Fascinating, intelligent, and common as entertaining trained animals, we can’t forget that sea lions are still wild and have awfully big teeth and powerful jaws. They don’t call them sea kittens.

San Diego man recovering after sea lion yanked him overboard.



Dan Carlin’s wife told him to smile for a picture on their 29-foot boat as he held up one of the yellowtail fish they had caught that day. Then a sea lion leaped 7 feet out of the water, bit into his hand and yanked him overboard.

The animal, weighing hundreds of pounds, smashed the 62-year-old San Diego accountant against the boat’s side and sent his legs flying into the air like a rag doll’s before it dragged him some 20 feet underwater, Carlin said Wednesday, more than three weeks into his recovery after the April 5 incident.

It does appear that the animal was not at all happy that HIS fish was taken and that someone was in his neighborhood. Seals are used to getting easy fish scraps from humans. It could be that food is becoming scarce and the seals become bolder.

Sea lions and fur seals are of the family Otariidae, or eared seals.

Sea lions really are quite impressive – Tetrapod Zoology.

All in all, big otariids like Otaria are hefty and quite scary predators. One of my favourite mammals is the Leopard seal Hydrurga leptonyx, a species that is well known for its ability to kill other pinnipeds (including juvenile Otaria), large penguins, and even (on at least one occasion) humans. Sea lions haven’t yet been reported to kill a person, but Californian sea lions Zalophus californianus in particular have bitten plenty, with the number of reported attacks increasing in recent months (Berkeley marina suffered a spate of attacks in 2006).

And in 2007, a 13 year old girl was attacked while surfing. This site, SeaLion World, notes that attacks are rare and are due to the animals being both territorial and curious. Males especially have been known to bite swimmers. They are carnivores and should be considered dangerous to approach.
sea lion

  3 comments for “They don’t call them sea LIONS for nothing!

  1. Ronald H. Pine
    April 30, 2015 at 12:10 PM

    The article in Tetrapod Zoology, linked to above, and discussing, primarily, the South American Sea Lion, mentions the issue of what scientific name to use for this species. The author advocates use of the name Otaria byronia, rather than Otaria flavescens. In 1978, I published an article in which, among other things, I argued for use of the latter. I’ll have to look at some of the recent literature dealing with this matter, and cited in the Tetrapod Zoology article, in order to see what it has to say. The South American Sea Lion is the species which you may have seen in videos in which baby sea lions are grabbed right off the beach by Killer Whales which momentarily and deliberately beach themselves.
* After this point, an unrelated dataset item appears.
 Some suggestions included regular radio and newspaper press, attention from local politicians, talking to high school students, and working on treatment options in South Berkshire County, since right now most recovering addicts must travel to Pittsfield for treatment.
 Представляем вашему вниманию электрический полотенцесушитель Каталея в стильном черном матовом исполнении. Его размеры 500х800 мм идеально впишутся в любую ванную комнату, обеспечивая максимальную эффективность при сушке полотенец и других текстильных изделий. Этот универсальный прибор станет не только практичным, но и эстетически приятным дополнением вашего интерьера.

Not far from where those videos were taken in Patagonia, I’ve seen a Killer Whale cruising by groups of mother and baby sea lions that were out on some rocks just offshore. No doubt it was seeing if there were any sea lions out in the water, thereby making themselves vulnerable to being caught and eaten. There was no way that the Killer Whale could have gotten at the sea lions while they were on the rocks.

  2. eleggua
    May 1, 2015 at 2:23 PM

    “It could be that food is becoming scarce and the seals become bolder.”
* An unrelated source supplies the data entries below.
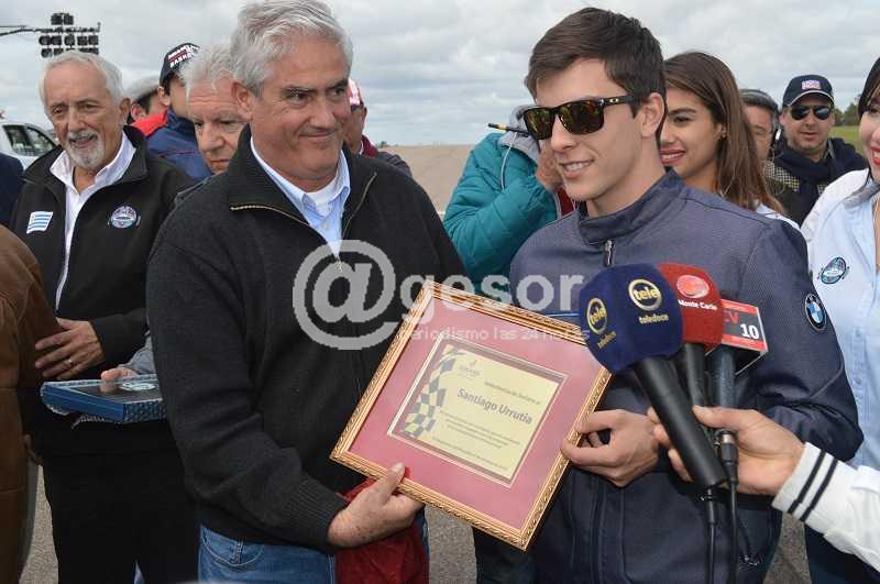 Tal como estaba previsto, este domingo minutos antes de las 13:00 horas fue homenajeado en el Polideportivo "Ciudad de Mercedes" el joven y reconocido piloto uruguayo, Santiago Urrutia, quien además de recibir la distinción de parte de la Intendencia de Soriano, recibió reconocimientos de parte de AUVO y del SADAM en nombre de Miguel Angel Mary.
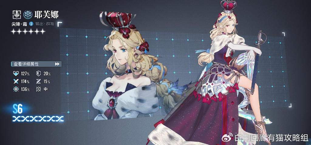 卡面顶级,拥有强大的破盾能力,队长技对霜队输出的提升很高,建议玩霜队时将耶芙娜作为队长使用。搭配水元素地形或在潮湿环境可以大范围控制,在三测时因为技能系数太低,没有输出而被人诟病,可以说除了没伤害啥都好。而四测终于是大幅增强了耶芙娜的输出能力,这下终于是能当主c用了,不管是搭配新增的霜属性五星打共鸣霜队,还是搭配卯绒绒打水霜冻结,亦或是作为常用破盾手都是非常好用。但是....想要这位冰霜王女的监督可以去up池捞啊。
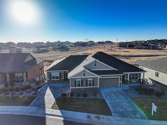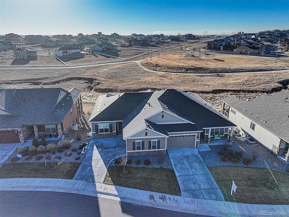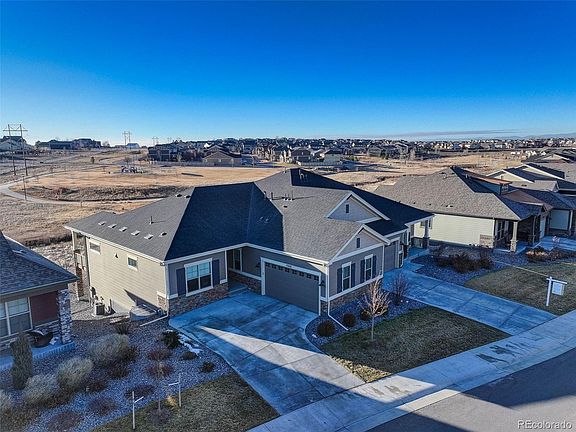 Large mostly finished walk out basement with 9 foot ceilings, two very large bedrooms with walk-in closets, huge 25' X 18' family room, and huge 288 square foot utility room with tons of space for storage and a quality/energy efficient tankless water heater. Seller added basement EV lockdown window well. Side entry, oversized and fully finished two car garage with 10 foot ceilings. Awesome area close to walking paths, Neighborhood park, green spaces, Trail Winds Rec Center, Riverdale golf Course with convenience to shopping dining and a quick drive to Denver, Boulder and DIA. This home shines and shows impeccably well and like new.

    It’s a certainty that food scarcity along the California coast is affecting sea lion behaviour.
    Here’re two other, recent stories:

    ‘Mendocino deputies save sea lion pup found on Hwy 1’
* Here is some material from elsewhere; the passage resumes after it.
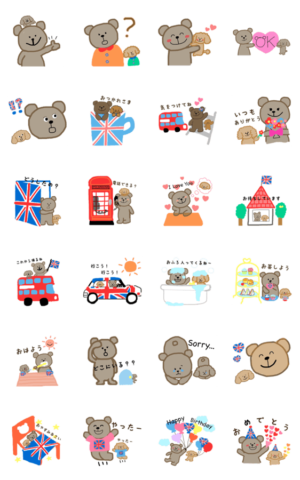 イギリス好きなくまとトイプー スタンプ画像一覧
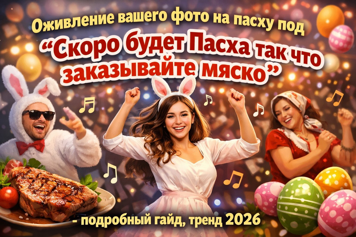 Оживление вашего фото на пасху под "Скоро будет Пасха так что заказывайте мяско" - подробный гайд, тренд 2026

    ‘Wayward sea lion pup found in San Francisco lost weight since release’
    A sea lion pup is now in rehabilitation after police and trained rescuers pulled him out from under an SUV in San Francisco’s Marina District….

    Experts say a lack of food is driving these animals inland, and it is becoming a worrisome trend.
    This is not a story about one sea lion. This is a story about a trend. And not a trend in local waters. They’re saying this problem is global…..

    “They’re telling us messages about the ocean and the environment they live in,” Johnson said.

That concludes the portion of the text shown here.